START THE DATA
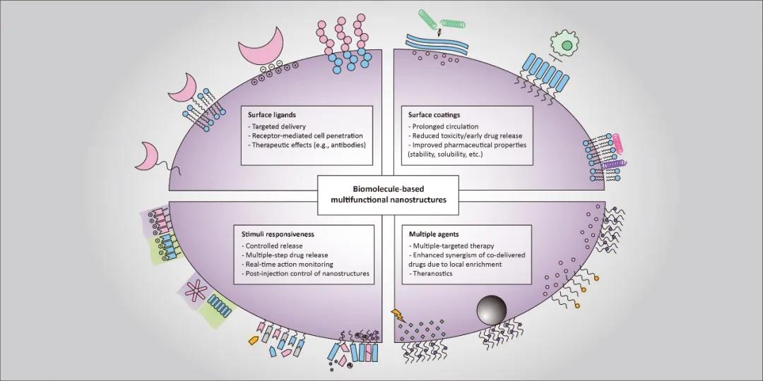纳米结构在应对癌症等具有复杂病理环境和高度异质性的疾病方面日益显示出独特优势。基于生物分子的纳米结构具有多种天然的生物功能,其独特的生物相容性、超分子属性、靶向性、响应性和可编程性等特征为智能纳米药物的精准构筑提供了新的机遇,近年来在癌症治疗领域备受瞩目。
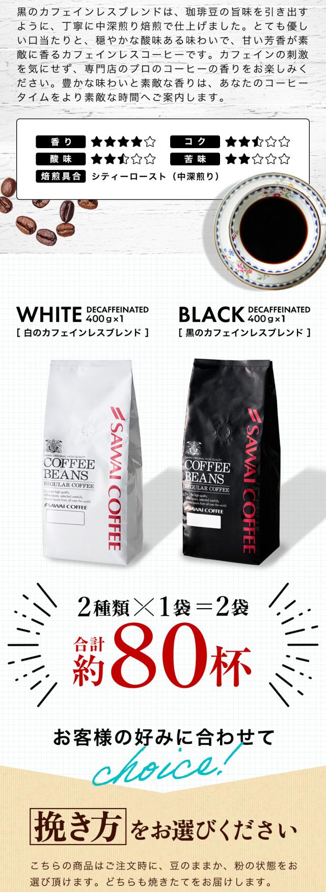 | 商品名 | 白と黒の本格焙煎カフェインレスコーヒー80杯分 澤井珈琲 |
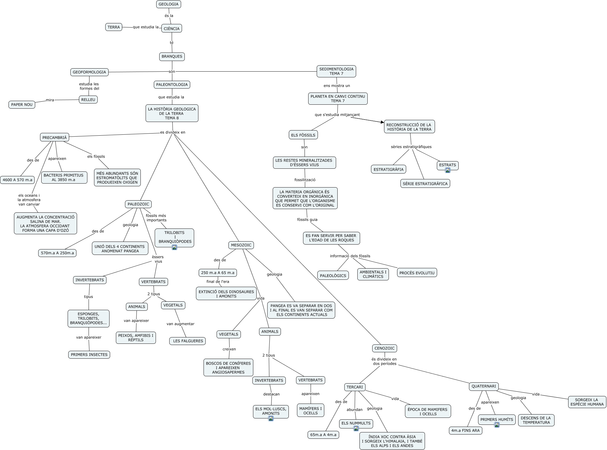 Este Cmap, tiene información relacionada con: BIO MAPA CONCEPTUAL TP, BRANQUES són SEDIMENTOLOGIA TEMA 7, VERTEBRATS 2 tipus ANIMALS, GEOFORMOLOGIA estudia les formes del RELLEU, ES FAN SERVIR PER SABER L'EDAD DE LES ROQUES informació dels fòssils PALEOLÒGICS, PRECAMBRIÀ els oceans i la atmosfera van canviar AUGMENTA LA CONCENTRACIÓ SALINA DE MAR. LA ATMOSFERA OCCIDANT FORMA UNA CAPA D'OZÓ, VEGETALS van augmentar LES FALGUERES, LA MATERIA ORGÀNICA ÉS CONVERTEIX EN INORGÀNICA QUE PERMET QUE L'ORGANISME ES CONSERVI COM L'ORIGINAL fòssils guia ES FAN SERVIR PER SABER L'EDAD DE LES ROQUES, GEOLOGIA és la CIÈNCIA, LA HISTÒRIA GEOLOGICA DE LA TERRA TEMA 8 es divideix en MESOZOIC, RECONSTRUCCIÓ DE LA HISTÒRIA DE LA TERRA sèries estratigràfiques ESTRATS, MESOZOIC vida VEGETALS, RECONSTRUCCIÓ DE LA HISTÒRIA DE LA TERRA sèries estratigràfiques ESTRATIGRÀFIA, SEDIMENTOLOGIA TEMA 7 ens mostra un PLANETA EN CANVI CONTINU TEMA 7, PRECAMBRIÀ apareixen BACTERIS PRIMITIUS AL 3850 m.a, PLANETA EN CANVI CONTINU TEMA 7 que s'estudia mitjançant RECONSTRUCCIÓ DE LA HISTÒRIA DE LA TERRA, LES RESTES MINERALITZADES D'ÈSSERS VIUS fossilització LA MATERIA ORGÀNICA ÉS CONVERTEIX EN INORGÀNICA QUE PERMET QUE L'ORGANISME ES CONSERVI COM L'ORIGINAL, 250 m.a A 65 m.a final de l'era EXTINCIÓ DELS DINOSAURES I AMONITS, ES FAN SERVIR PER SABER L'EDAD DE LES ROQUES informació dels fòssils AMBIENTALS I CLIMÀTICS, QUATERNARI geologia DESCENS DE LA TEMPERATURA, TERCARI geologia ÍNDIA XOC CONTRA ÀSIA I SORGEIX L'HIMALAIA, I TAMBÉ ELS ALPS I ELS ANDES
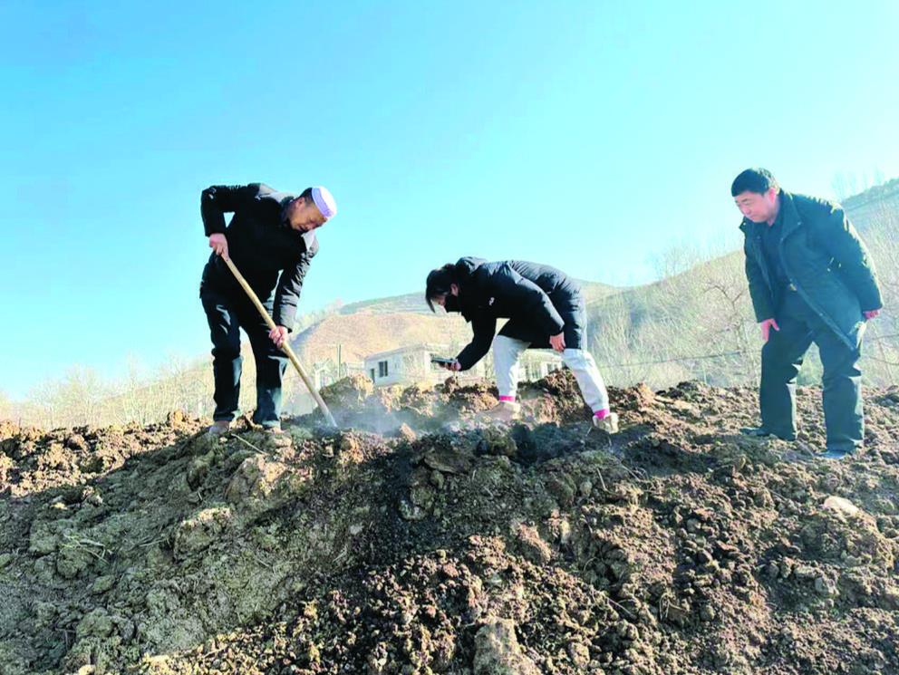 大通縣農業技術推廣中心專業技術人員和合作社負責人挖開發酵的糞肥查看內部情況。
END THE DATA
### [ACTIVITY]
Repeat the listing above from its first line through the line that contains "白と黒の本格焙煎カフェインレスコーヒー80杯分 澤井珈琲 |", both included, and nothing more. Drop the pictures.

### [SOLUTION FOR THIS EXERCISE]
纳米结构在应对癌症等具有复杂病理环境和高度异质性的疾病方面日益显示出独特优势。基于生物分子的纳米结构具有多种天然的生物功能,其独特的生物相容性、超分子属性、靶向性、响应性和可编程性等特征为智能纳米药物的精准构筑提供了新的机遇,近年来在癌症治疗领域备受瞩目。
 | 商品名 | 白と黒の本格焙煎カフェインレスコーヒー80杯分 澤井珈琲 |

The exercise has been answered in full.